[AIM OF THE TASK]:
Any pictures in the records below must be left out when you repeat the lines from the line containing "Ürün başlıklı bazalı" through the line containing "1000 Watts Home" exactly.

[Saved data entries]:
- Opening Delimiter -
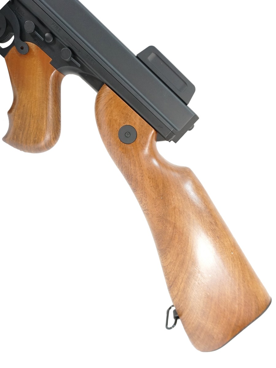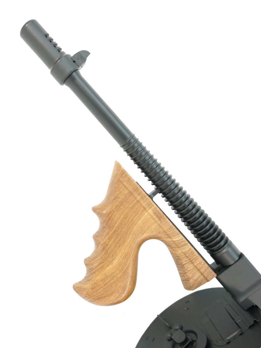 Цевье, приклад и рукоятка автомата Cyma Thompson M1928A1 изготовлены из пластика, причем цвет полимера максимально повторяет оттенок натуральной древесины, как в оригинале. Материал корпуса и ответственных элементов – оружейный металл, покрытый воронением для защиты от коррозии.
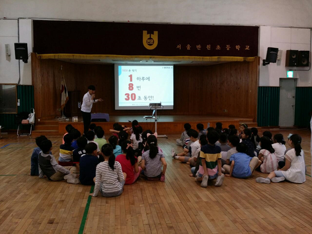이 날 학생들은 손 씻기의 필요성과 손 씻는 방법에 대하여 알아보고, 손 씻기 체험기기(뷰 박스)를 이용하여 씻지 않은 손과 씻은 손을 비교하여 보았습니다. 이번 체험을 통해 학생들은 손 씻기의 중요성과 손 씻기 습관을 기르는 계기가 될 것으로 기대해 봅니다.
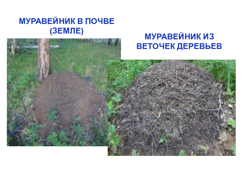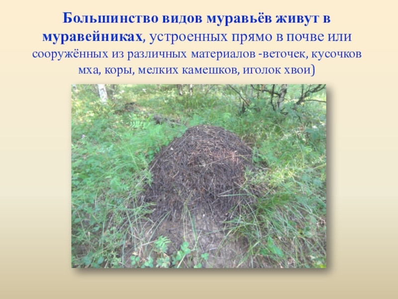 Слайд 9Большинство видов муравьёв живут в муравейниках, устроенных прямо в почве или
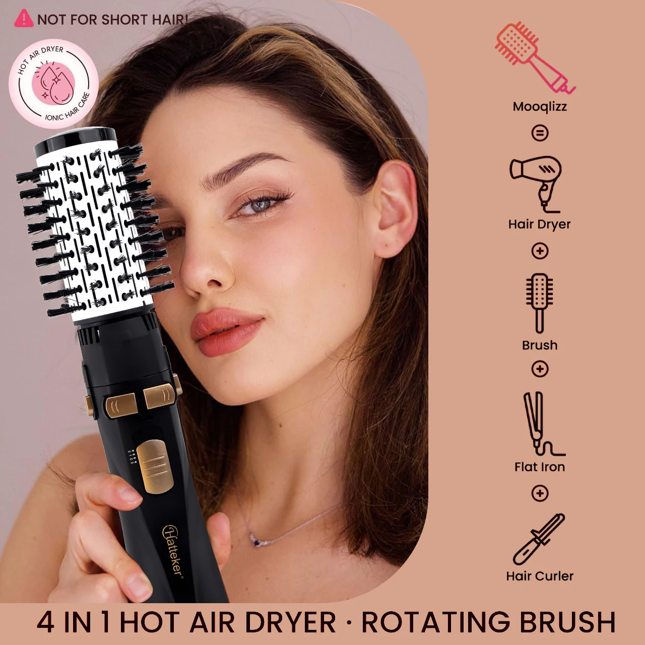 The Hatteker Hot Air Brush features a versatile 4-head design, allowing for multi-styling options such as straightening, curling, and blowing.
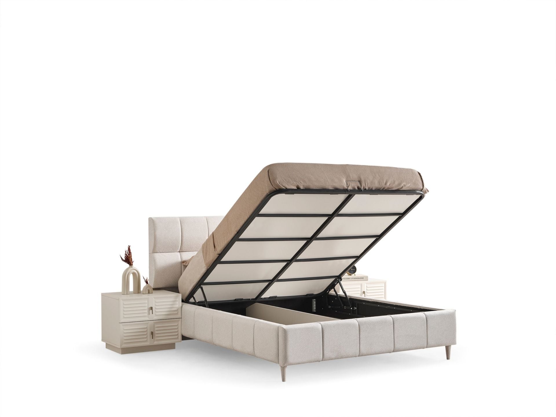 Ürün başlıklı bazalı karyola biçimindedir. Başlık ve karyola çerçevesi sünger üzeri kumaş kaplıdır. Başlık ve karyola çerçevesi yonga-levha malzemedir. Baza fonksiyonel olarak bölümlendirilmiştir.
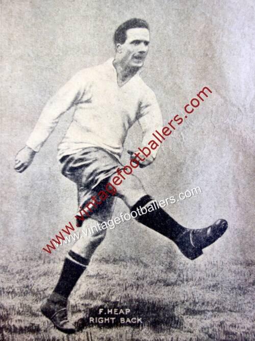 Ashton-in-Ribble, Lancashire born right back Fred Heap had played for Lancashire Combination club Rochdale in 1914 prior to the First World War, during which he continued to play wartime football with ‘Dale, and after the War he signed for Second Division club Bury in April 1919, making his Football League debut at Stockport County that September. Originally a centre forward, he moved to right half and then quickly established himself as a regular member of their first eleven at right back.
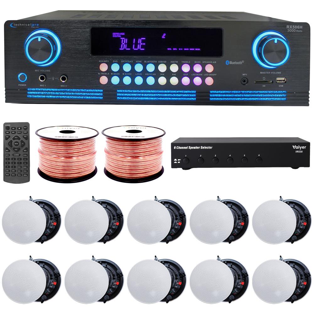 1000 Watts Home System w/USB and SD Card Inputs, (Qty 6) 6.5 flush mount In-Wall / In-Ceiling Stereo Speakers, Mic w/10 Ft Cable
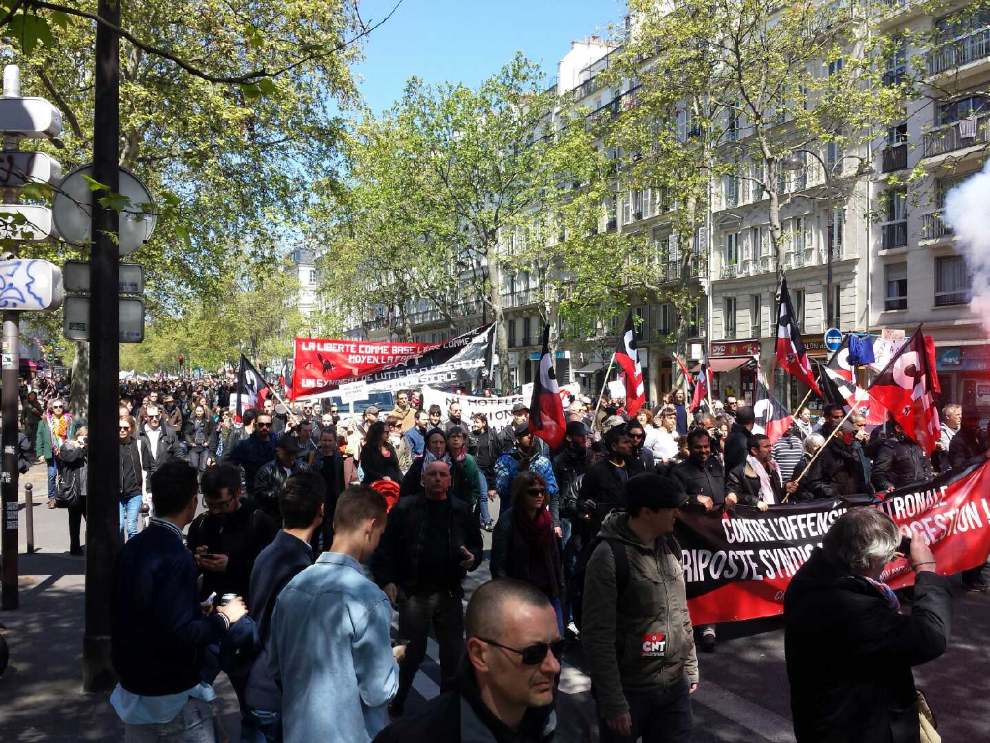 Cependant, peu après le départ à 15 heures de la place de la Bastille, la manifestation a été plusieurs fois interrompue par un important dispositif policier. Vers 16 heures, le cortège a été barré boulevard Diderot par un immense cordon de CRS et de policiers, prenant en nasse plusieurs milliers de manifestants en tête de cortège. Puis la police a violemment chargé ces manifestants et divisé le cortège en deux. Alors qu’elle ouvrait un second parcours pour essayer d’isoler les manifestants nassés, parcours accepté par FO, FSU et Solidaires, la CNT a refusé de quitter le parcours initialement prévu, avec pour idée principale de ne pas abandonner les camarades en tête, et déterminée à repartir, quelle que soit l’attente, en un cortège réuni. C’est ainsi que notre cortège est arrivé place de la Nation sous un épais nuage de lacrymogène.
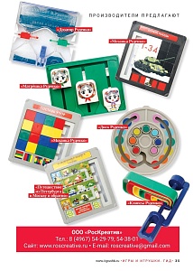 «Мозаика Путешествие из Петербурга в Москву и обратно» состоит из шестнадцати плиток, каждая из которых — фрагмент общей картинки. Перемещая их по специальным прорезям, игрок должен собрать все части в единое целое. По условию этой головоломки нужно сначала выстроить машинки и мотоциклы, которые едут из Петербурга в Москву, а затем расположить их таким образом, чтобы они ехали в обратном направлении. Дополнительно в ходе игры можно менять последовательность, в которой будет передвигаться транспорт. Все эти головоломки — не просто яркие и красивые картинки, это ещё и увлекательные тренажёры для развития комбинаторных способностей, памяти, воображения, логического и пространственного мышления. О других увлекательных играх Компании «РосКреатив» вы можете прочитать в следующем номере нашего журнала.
- Closing Delimiter -
[FINAL ANSWER]:
 Ürün başlıklı bazalı karyola biçimindedir. Başlık ve karyola çerçevesi sünger üzeri kumaş kaplıdır. Başlık ve karyola çerçevesi yonga-levha malzemedir. Baza fonksiyonel olarak bölümlendirilmiştir.
 Ashton-in-Ribble, Lancashire born right back Fred Heap had played for Lancashire Combination club Rochdale in 1914 prior to the First World War, during which he continued to play wartime football with ‘Dale, and after the War he signed for Second Division club Bury in April 1919, making his Football League debut at Stockport County that September. Originally a centre forward, he moved to right half and then quickly established himself as a regular member of their first eleven at right back.
 1000 Watts Home System w/USB and SD Card Inputs, (Qty 6) 6.5 flush mount In-Wall / In-Ceiling Stereo Speakers, Mic w/10 Ft Cable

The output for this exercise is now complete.